Вы, голубушки, подружки,
Посоветуйте вы мне!
А подружки усмехнулись:
«Его воля, его власть!»
Прошло несколько лет. Я приехала в Москву. И в Останкинском парке встретилась и разговорилась с человеком в военной гимнастерке. Он был сухощав, невысок ростом, тих и по-старомодному галантен. Мне удалось узнать, что он был на войне, добровольцем в ополчении, что хочет стать художником.
Он рассказал об актрисе Жемчуговой, о том, в каких комнатах Останкинского дворца она жила, какие фантастические представления устраивались здесь когда-то, о том, что в войну 1812 года французы разграбили и уничтожили, увезли отсюда десятки произведений живописи, утварь... Он знал такие подробности, что было ясно: он не чужой тут.
Демобилизованный солдат с этюдником в руках оказался Василием Павловичем Шереметевым, правнуком актрисы Прасковьи Ивановны Жемчуговой. Мечтает поступить в Суриковский институт, живет в башне Новодевичьего монастыря, и там у него хранится немало предметов старого быта. Узнала, что он в то трудное послевоенное время ничего не продает из семейных реликвий, потому что убежден: все должно принадлежать народу, государству, – и собирается отдать все вещи в музей. (Сохранившуюся с петровских времен картину Рембрандта позднее он подарит в музей имени Пушкина.)
Василий Павлович назвал два имени: Прасковья Ивановна Ковалева-Жемчугова-Шереметева и Татьяна Васильевна Шлыкова-Гранатова – певица и балерина. Неразлучные подруги, их верная дружба вошла в семейные предания. А песня? Песня поздняя, это как бы воспоминание о любви крепостной крестьянки и графа.

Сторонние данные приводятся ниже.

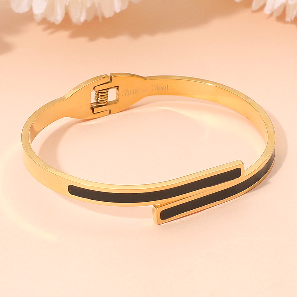 Details • Size : 0.5" H, 2.3" D • Hinged Closure • Elegant bangle bracelet featuring a sleek overlapping design enhanced with a refined inlay detail. Its minimalist yet stylish look makes it a versatile accessory, perfect for adding a touch of sophistication to everyday outfits or evening ensembles. • Stainless Steel

Мы расстались тогда с Василием Павловичем, и песня, казалось, осталась навсегда в прошлом. О Параше Жемчуговой уже написаны книги, ее жизнь вошла в легенду, ни к чему трогать милый образ...
Однако...
Я вхожу в пышные залы реставрированного Останкинского дворца. Малиновая комната, центральная зала зелено-голубого цвета, сфинксы над дверьми, торжественная пунцовая комната, картинная галерея: итальянские пейзажи, испанские долины, античные герои... И вдруг на затемненной стене театрального помещения – простое русское лицо! Широко посаженные карие глаза, лукавый взгляд и юная веселость. Полуулыбка, но... ни капли джокондовой загадочности. Милое и ясное лицо. Я увидела его, и любовь, как писал Булгаков, словно убийца из-за угла, настигла меня.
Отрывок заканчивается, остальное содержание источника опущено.